About this exercise
Give back exactly the lines of the material below, starting with the line with "Sharonov, on the" and going on through the line with "Carlsbad City Library".

Study material

______________________________

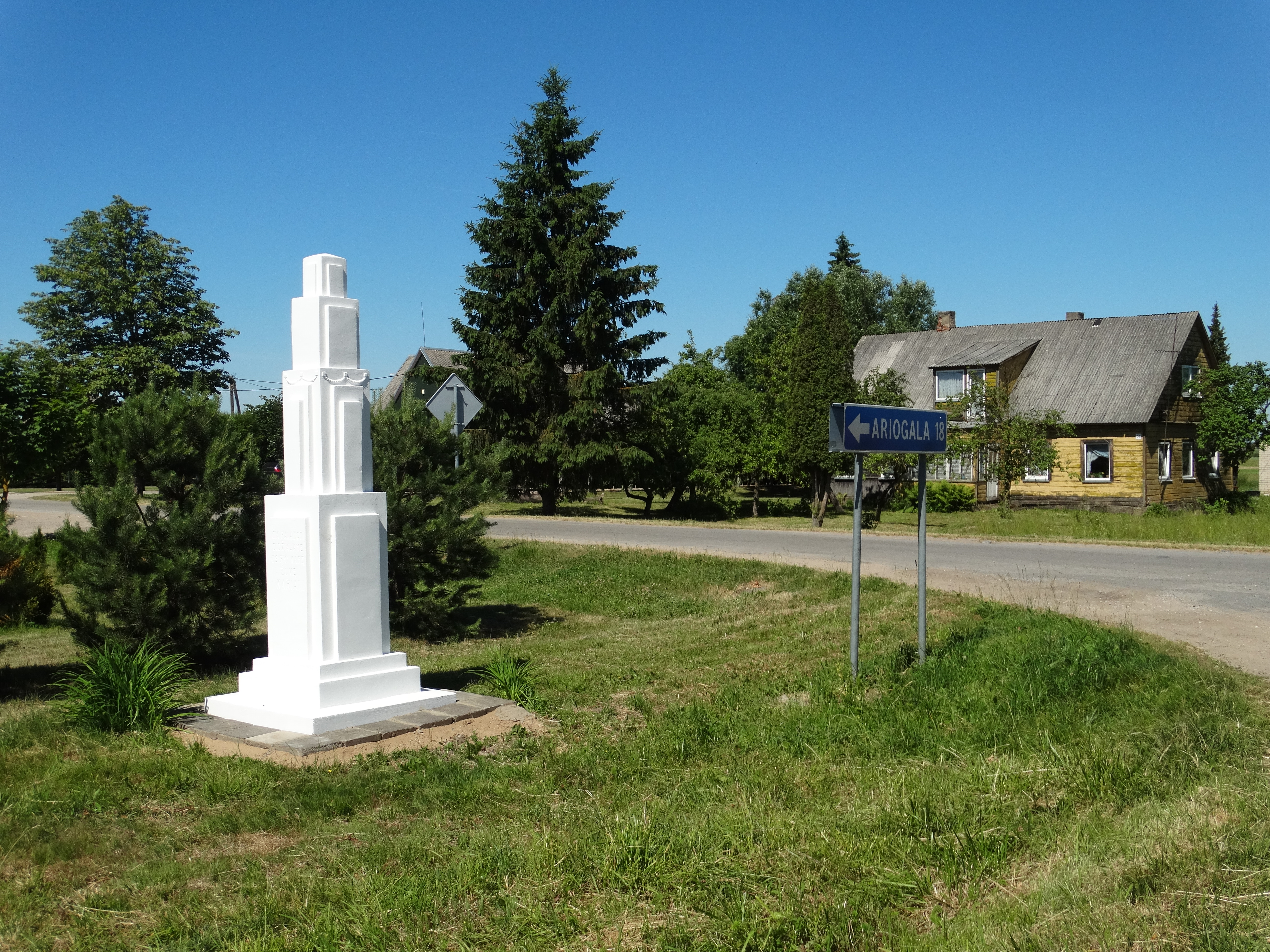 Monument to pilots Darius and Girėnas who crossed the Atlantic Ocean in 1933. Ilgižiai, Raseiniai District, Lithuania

______________________________

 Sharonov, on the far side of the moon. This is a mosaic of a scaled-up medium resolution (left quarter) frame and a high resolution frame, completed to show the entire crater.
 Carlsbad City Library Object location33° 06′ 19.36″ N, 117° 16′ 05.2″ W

______________________________

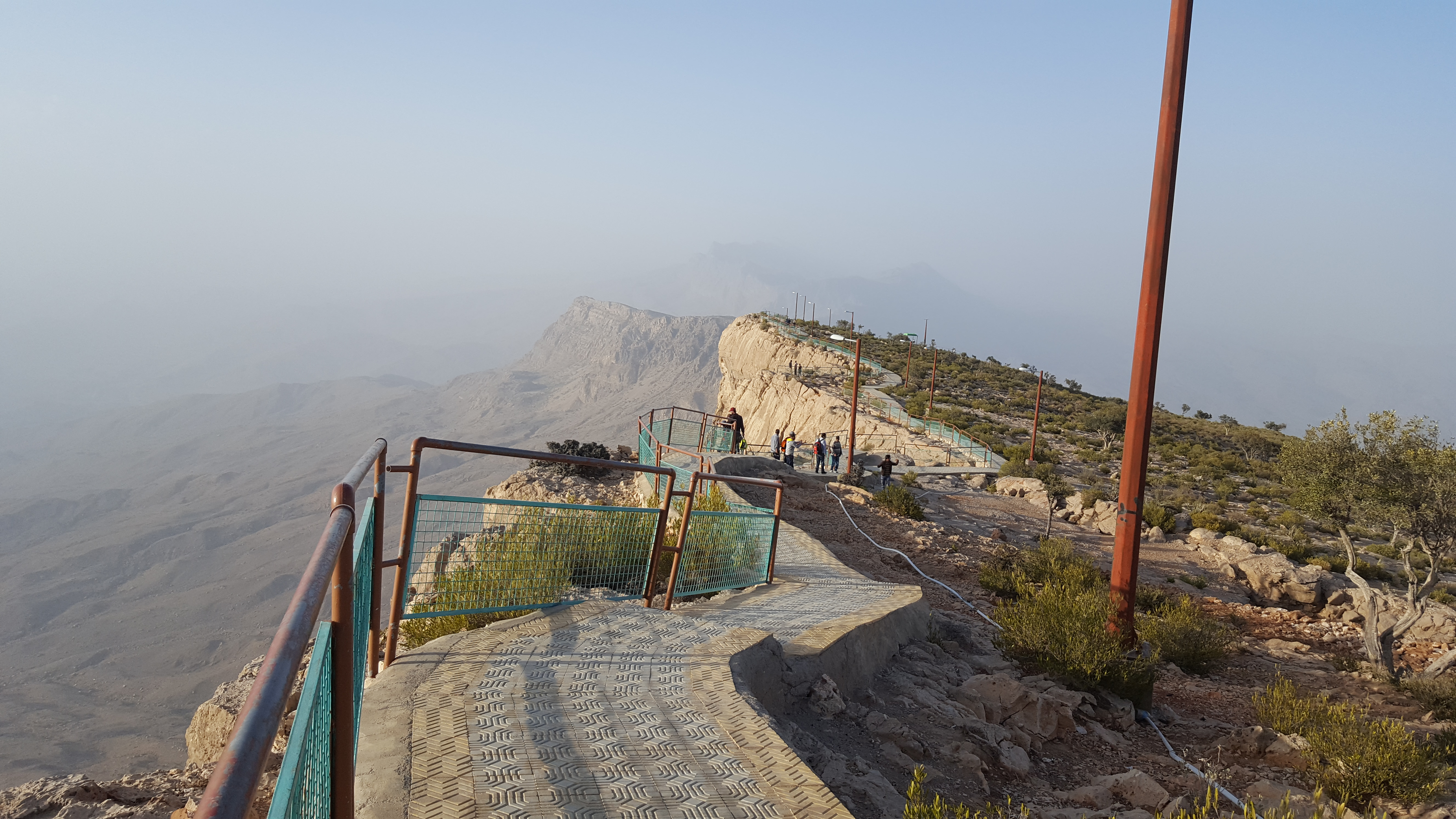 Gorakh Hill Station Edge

______________________________

Final answer
 Sharonov, on the far side of the moon. This is a mosaic of a scaled-up medium resolution (left quarter) frame and a high resolution frame, completed to show the entire crater.
 Carlsbad City Library Object location33° 06′ 19.36″ N, 117° 16′ 05.2″ W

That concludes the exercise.